Mistake #4 – My product/service is so good, it sells itself: Today’s consumer is exposed to more marketing messages in two months than any other generation in the history of the world experienced during their entire lifetime. If you’re waiting around for the right people to stumble across your good idea and buy in, get comfortable, because it’s going to be a long wait.
This doesn’t mean that you have to be loud an obnoxious to be noticed, but it does mean you need to be reaching out to the right people. How long has it been since you did a test market for your product or service? Do you have testimonials from credible sources or other data to back up the claims you make about what you can offer? Knowing your market as specifically as possible and creating an airtight case for being the best in your field will get people to your doorstep; then you can let your amazing product do its magic.

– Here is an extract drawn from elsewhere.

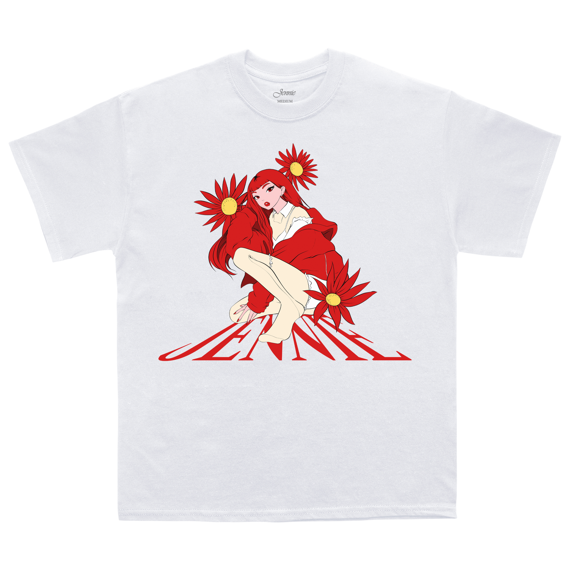 Jennie anime graphic printed on the front of a unisex, white tee.

Mistake #3 – I tried my marketing plan for a month, but it didn’t work: It takes an average of six impressions before consumers are moved to action. Just because someone sees your logo or name once or twice doesn’t mean they’re going to be inclined just yet to give you a try. If you are putting all of your faith in one or two pricey ads, you may be throwing your money away. Make a plan for how you will reach your coveted demographic consistently over a six- to twelve-month period. Allow people some time to learn who you are and what you’re about, and to get the sense that you’re going to be around tomorrow when they need you.
Mistake #2 – Money is tight this month, so we’re cutting marketing: Many businesses hack away at their advertising budgets when belt-tightening take places, but in reality, this should be one of the last things to get cut back. Think about it: your business is slow, so you rein in your plan to get your name in front of people. The result is fewer leads, which leads to less business and less income. Jettisoning your marketing plan just because you’re financially stressed is as good as raising the white flag.
Mistake #1 – I can do this marketing thing myself: While business managers should definitely be actively involved in their company’s marketing campaigns, there are a number of reasons why you should not rely on yourself exclusively to develop and execute your campaign. First of all, unless you are a seasoned veteran in the marketing field, you’re pitting yourself against a broad field of professionals who likely will eat your lunch. Second, if marketing was your passion, you should have opened a PR firm! Let the people who know and love this kind of work do what they do best so you can do what you do best. Finally, any time you spend doing the work that someone else could be doing risk compromising the vision and leadership of your business. Leaders should lead, always, but if you’re busy micro-managing every detail of your day-to-day operations, you’ll end up too burned out to be effective, plus you’ll annoy everyone else who would rather be left alone to do their jobs.